BEGIN Dataset entries

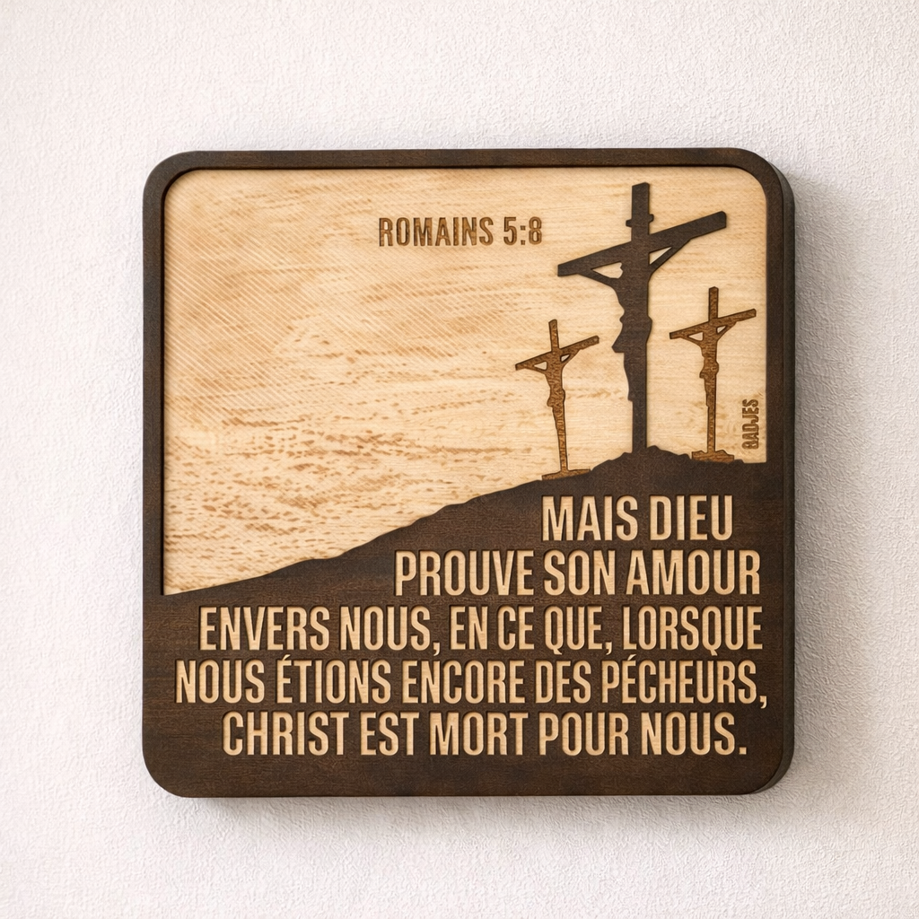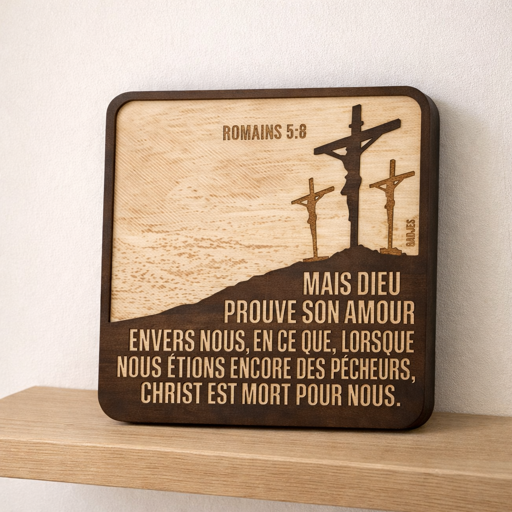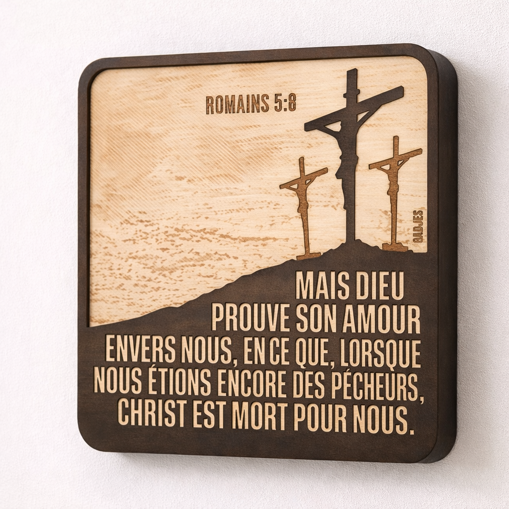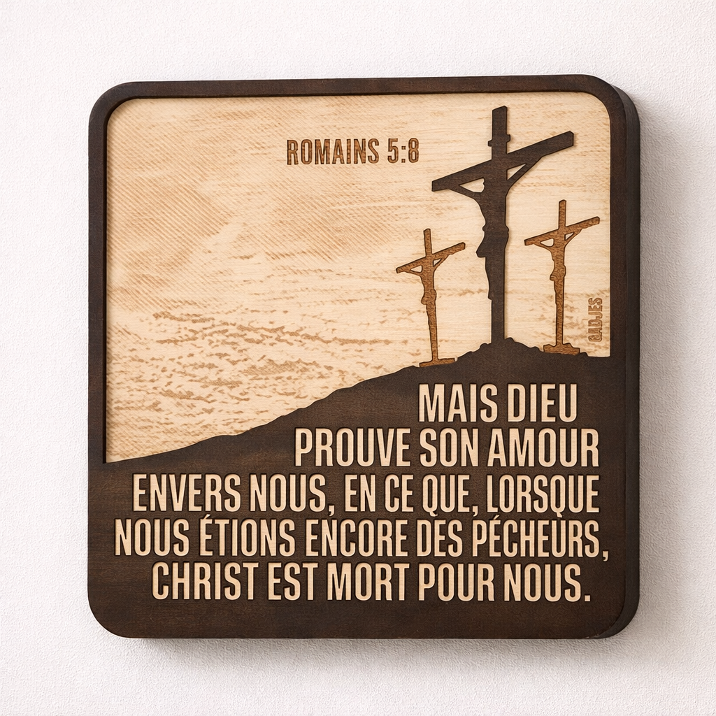 Décoration artisanale en bois – « Mais Dieu prouve son amour envers nous, en ce que, lorsque nous étions encore des pécheurs, Christ est mort pour nous. » (Romains 5:8)
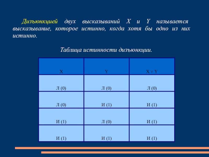 Слайд 10 Дизъюнкцией двух высказываний Х и Y называется высказывание, которое истинно, когда
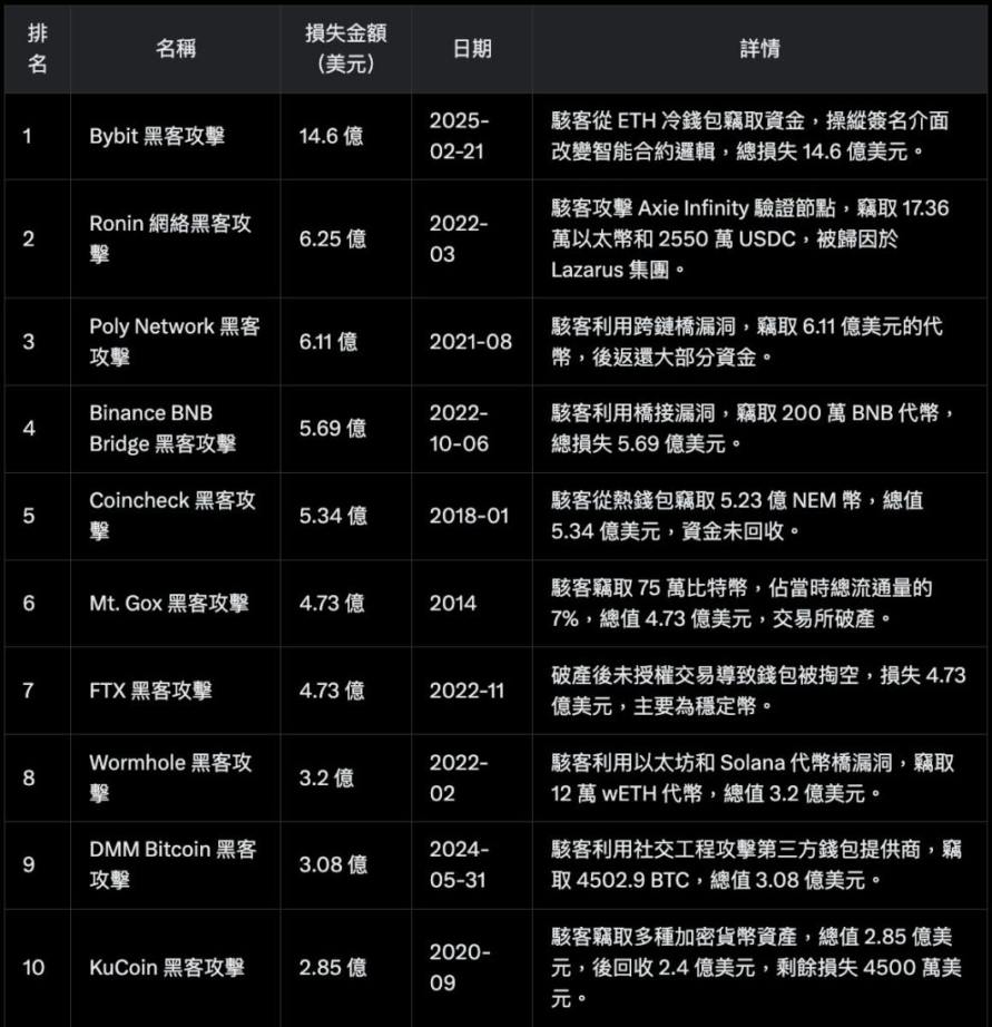 1. Bybit 黑客攻击(2025 年 2 月 21 日,14.6 亿美元)
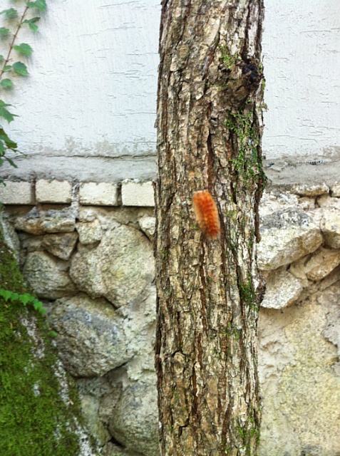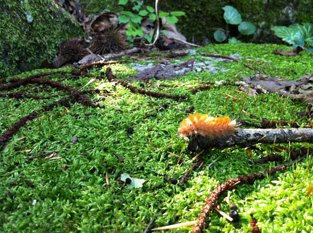 이렇게 갈색털을 가진 송충이 외에도 형광노랑+검은색 아디다스 송충이도 있고요.
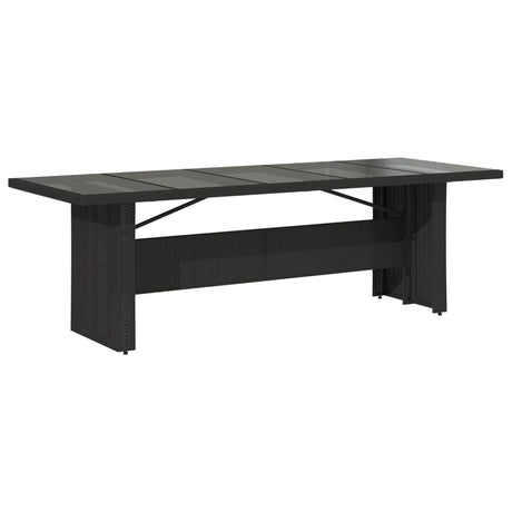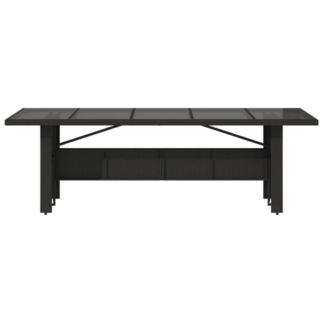 Garden Table with Glass Top Black 240x90x75 cm Poly Rattan
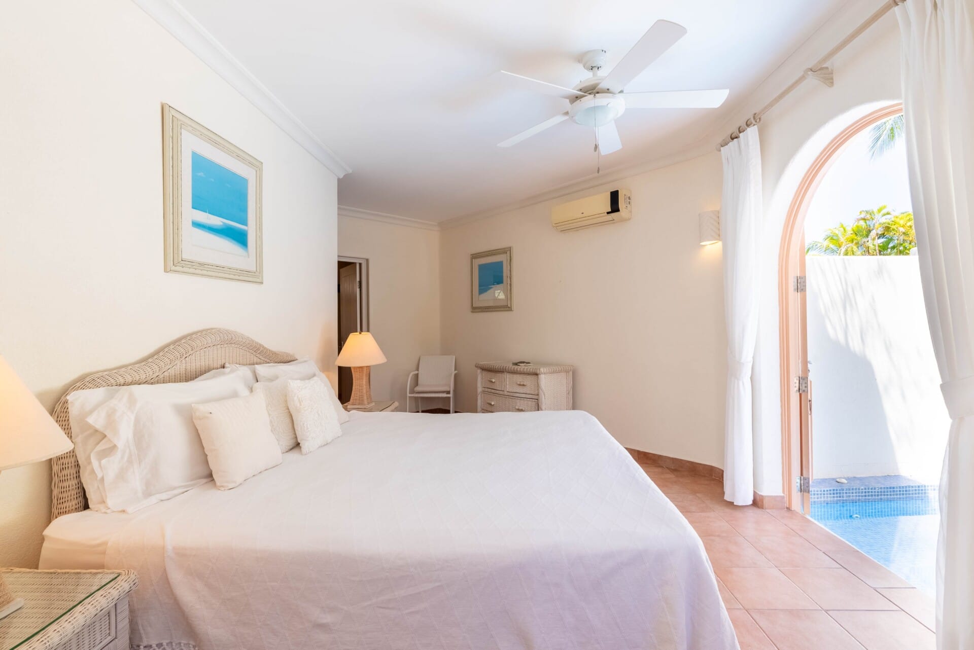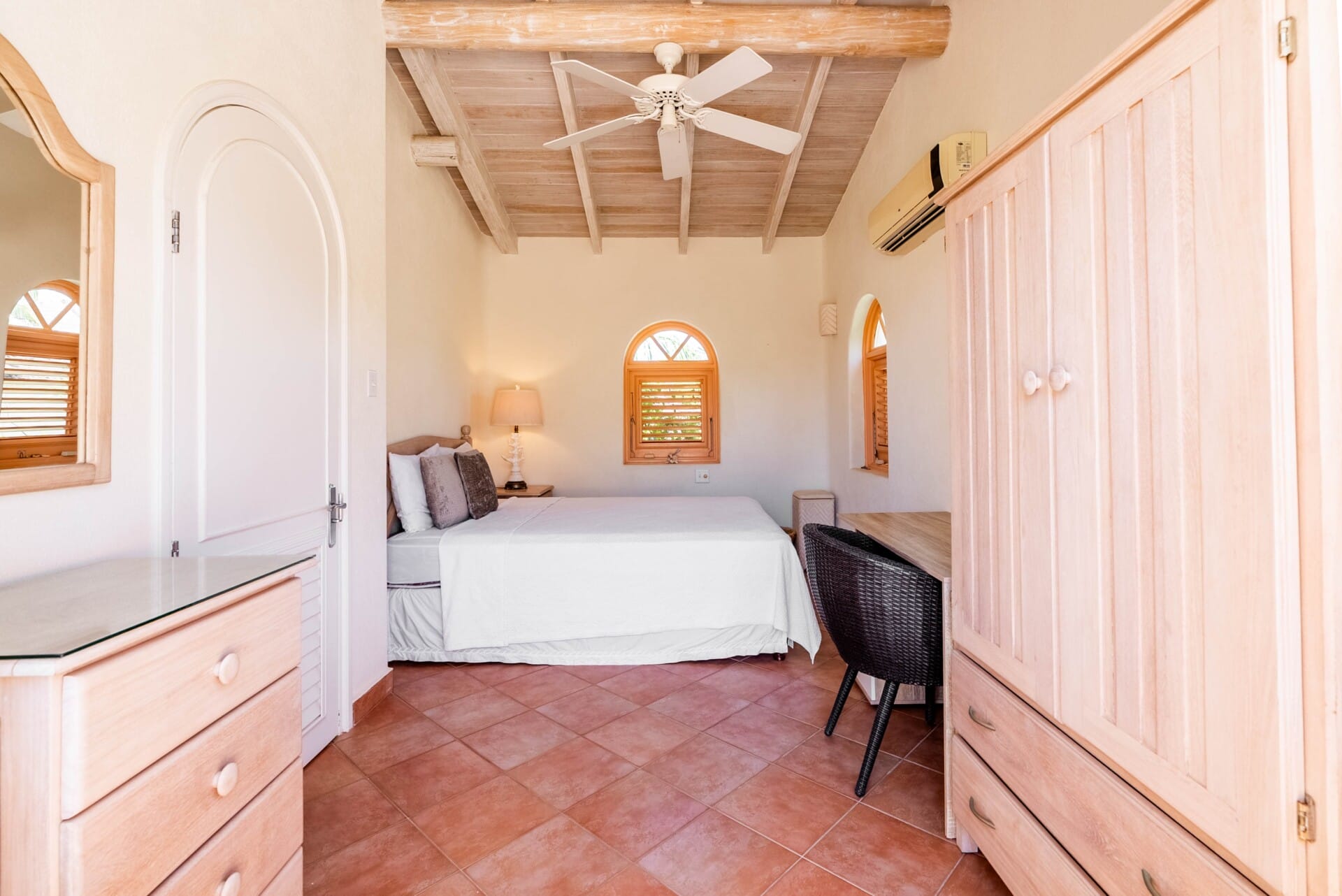 Each of the three air-conditioned, ensuite bedrooms is a private sanctuary of comfort and tranquility. Two are located upstairs, offering peaceful retreats with sea or garden views, while the ground-floor bedroom opens directly onto the private plunge pool and spacious sun deck, an inviting spot to cool off, entertain, or simply bask in the tropical sunshine.
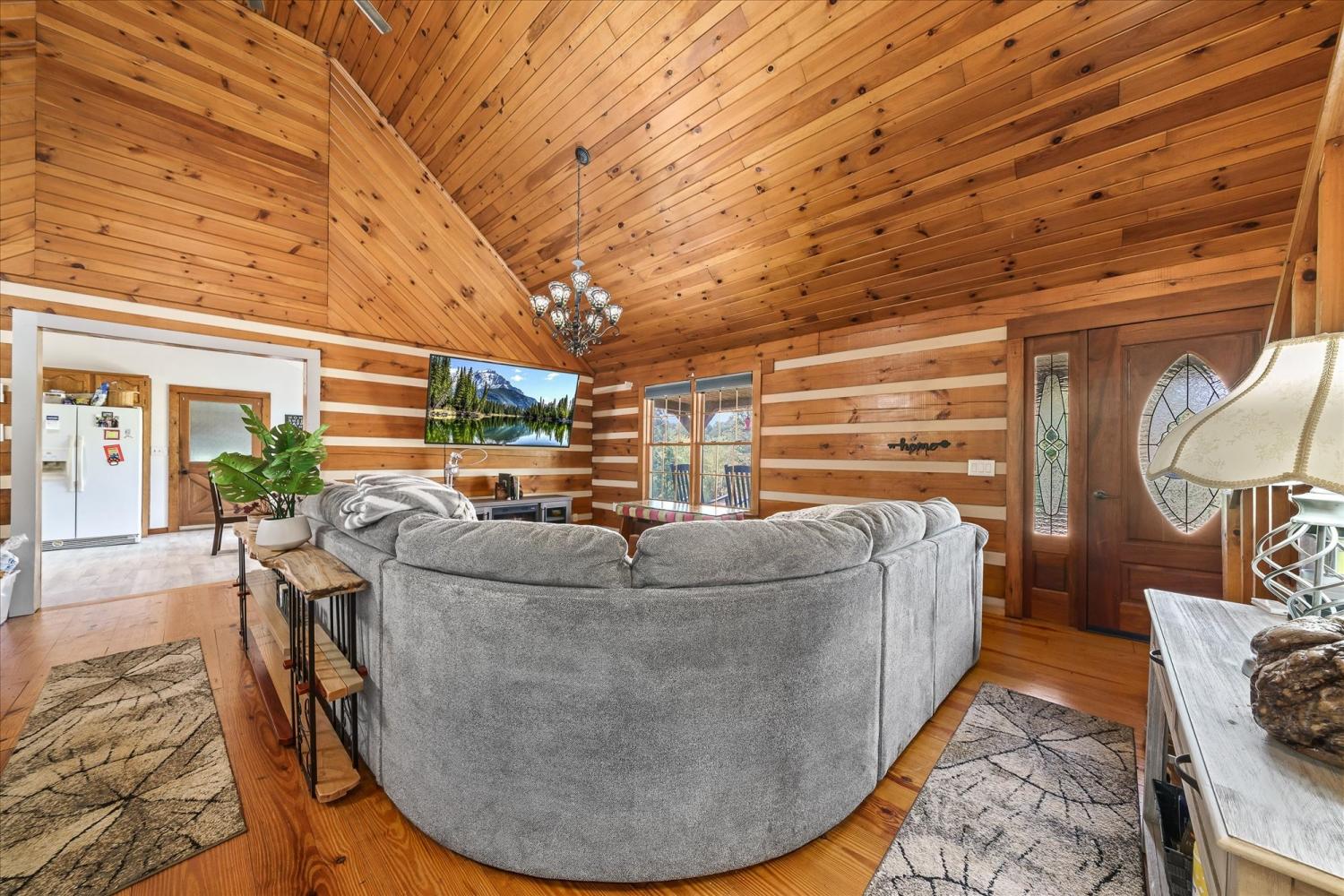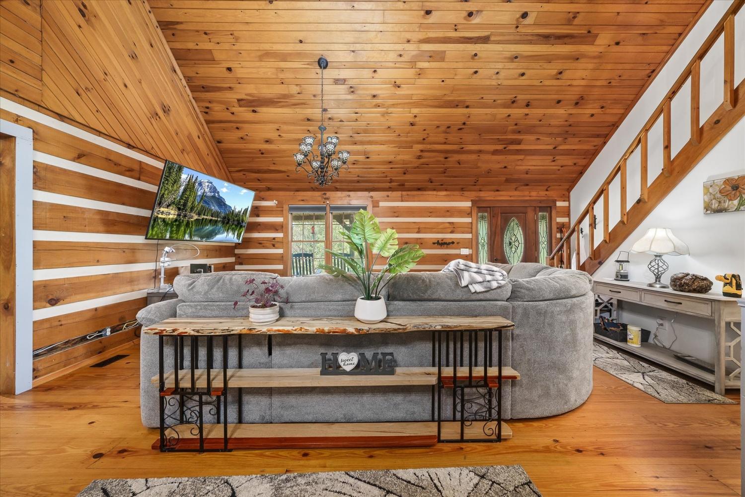 If you are looking for the most peaceful setting, this is it! The gorgeous Honest Abe log home sits on 10.4ac overlooking a huge stocked pond. The home features 3bd/3ba on two levels with a full basement. Hardwood flooring throughout, updated kitchen, vaulted ceilings in the dining and living room. The 10.4 ac is level and perfect for horses or livestock. The 1.5 ac pond is stocked and perfect for relaxing and fishing. The property also features a 30x24 detached garage with wood stove and a 24x27 pole barn. Located just 15 mi from Dale Hollow Lake, 11 miles from Celina, and 9 mi to Tompkinsville, KY
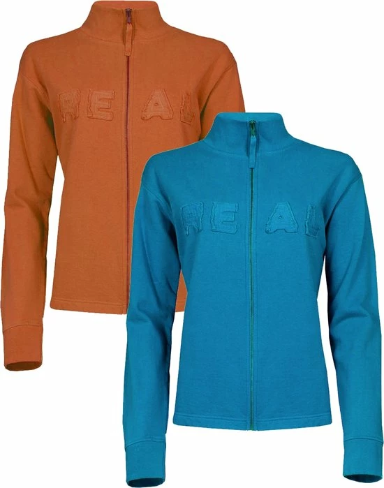 DUO-PACK Dames Sweatshirt van ons merk Thousand Islands is gemaakt van 100 % Katoen. Word per 2 verkocht. De Sweatshirt heeft lange mouwen met boorden, ook heeft de Sweatshirt een opstaande kraag en een deelbare rits. De Sweatshirt heeft op de borst een applicatie tekst van het zelfde stof. Boorden met elasthan voor meer draag comfort.
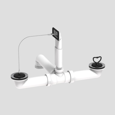Ab- und Überlaufgarnitur G1 1/2 x max. 380mm mit Stopfen mit Kunststoffbügel und Stopfen mit Kugelkette aus Kunststoff, mit zentrischem Abgang, Raumsparabgang und Ablauf aus Edelstahl, für reversible Doppelspülen, Verpackung im Folienbeutel

END Dataset entries

* **Assigned task**
Reproduce the listing above only between the lines holding "Слайд 10 Дизъюнкцией" and "Each of the", inclusive. Every line must match exactly, and pictures are dropped.

* **Expected output**
 Слайд 10 Дизъюнкцией двух высказываний Х и Y называется высказывание, которое истинно, когда
 1. Bybit 黑客攻击(2025 年 2 月 21 日,14.6 亿美元)
 이렇게 갈색털을 가진 송충이 외에도 형광노랑+검은색 아디다스 송충이도 있고요.
 Garden Table with Glass Top Black 240x90x75 cm Poly Rattan
 Each of the three air-conditioned, ensuite bedrooms is a private sanctuary of comfort and tranquility. Two are located upstairs, offering peaceful retreats with sea or garden views, while the ground-floor bedroom opens directly onto the private plunge pool and spacious sun deck, an inviting spot to cool off, entertain, or simply bask in the tropical sunshine.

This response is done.